Provided data:
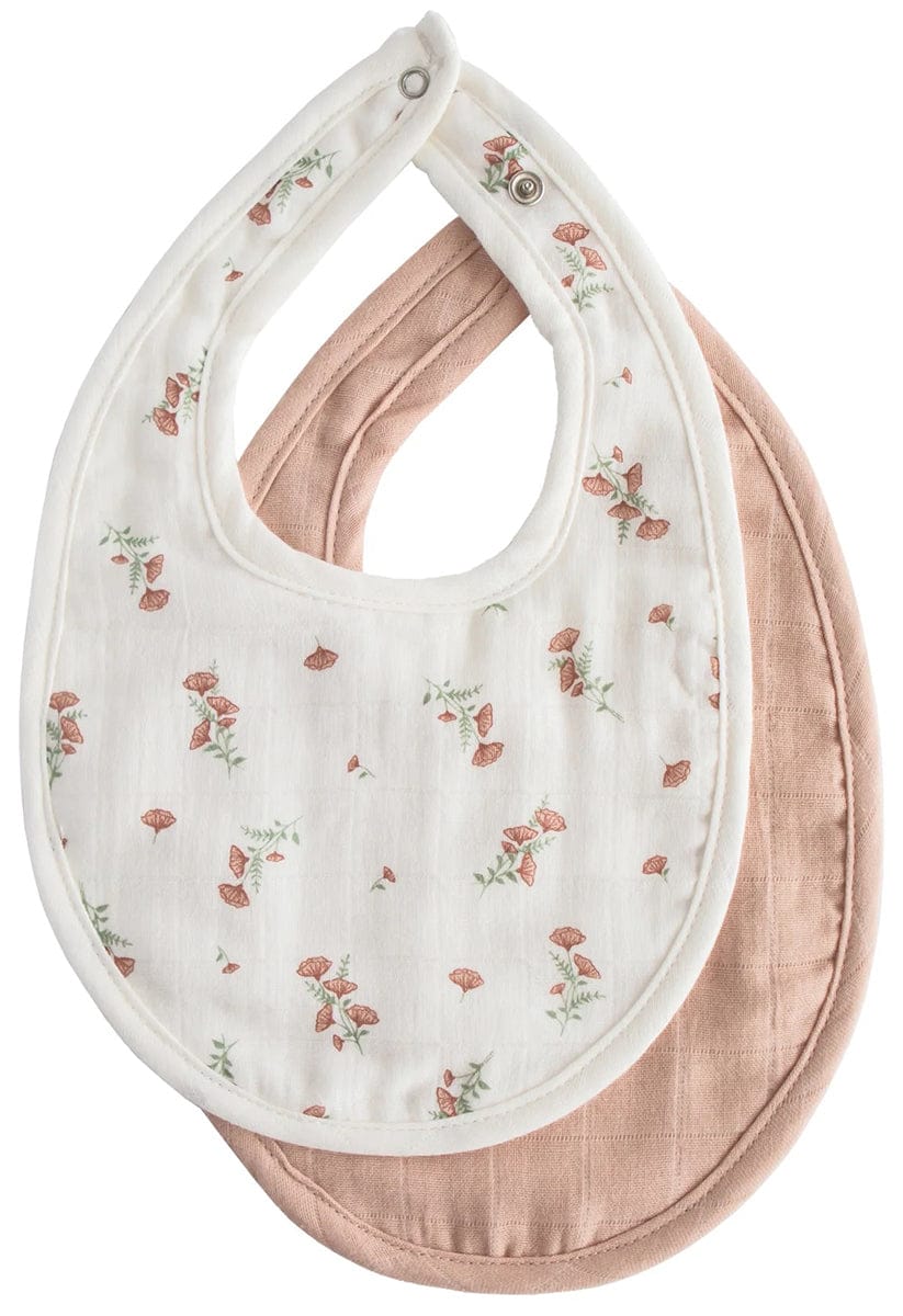 Mushie Muslin Bib, 2 Pack - Blush / Pink Floral
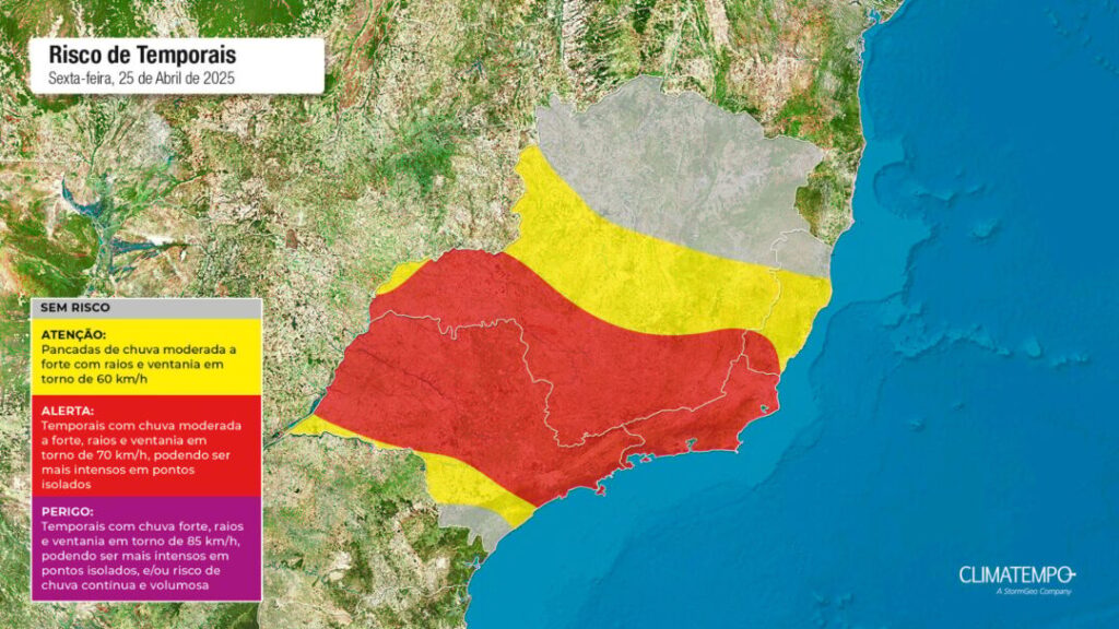 O último fim de semana de abril ainda será de chuva para boa parte da Região Sudeste. No sábado (26), as áreas de instabilidade começam a perder força, mas a chuva se espalha pelo Espírito Santo e volta a atingir o norte e leste de Minas Gerais. Em São Paulo e no Rio de Janeiro também pode chover no sábado, mas de forma moderada e sem risco de temporais. O sol até aparece em alguns momentos, mas sempre entre muitas nuvens.
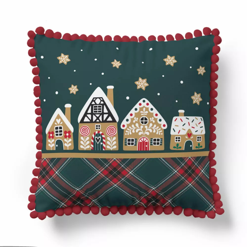 5379 A Christmas Deco Detexpol domek z piernika i gwiazdki – poszewka dekoracyjna świąteczna 45x45, Panama, zamek błyskawiczny

Work to complete: All lines above are to be restated word for word, with pictures excluded.

Exercise result:
 Mushie Muslin Bib, 2 Pack - Blush / Pink Floral
 O último fim de semana de abril ainda será de chuva para boa parte da Região Sudeste. No sábado (26), as áreas de instabilidade começam a perder força, mas a chuva se espalha pelo Espírito Santo e volta a atingir o norte e leste de Minas Gerais. Em São Paulo e no Rio de Janeiro também pode chover no sábado, mas de forma moderada e sem risco de temporais. O sol até aparece em alguns momentos, mas sempre entre muitas nuvens.
 5379 A Christmas Deco Detexpol domek z piernika i gwiazdki – poszewka dekoracyjna świąteczna 45x45, Panama, zamek błyskawiczny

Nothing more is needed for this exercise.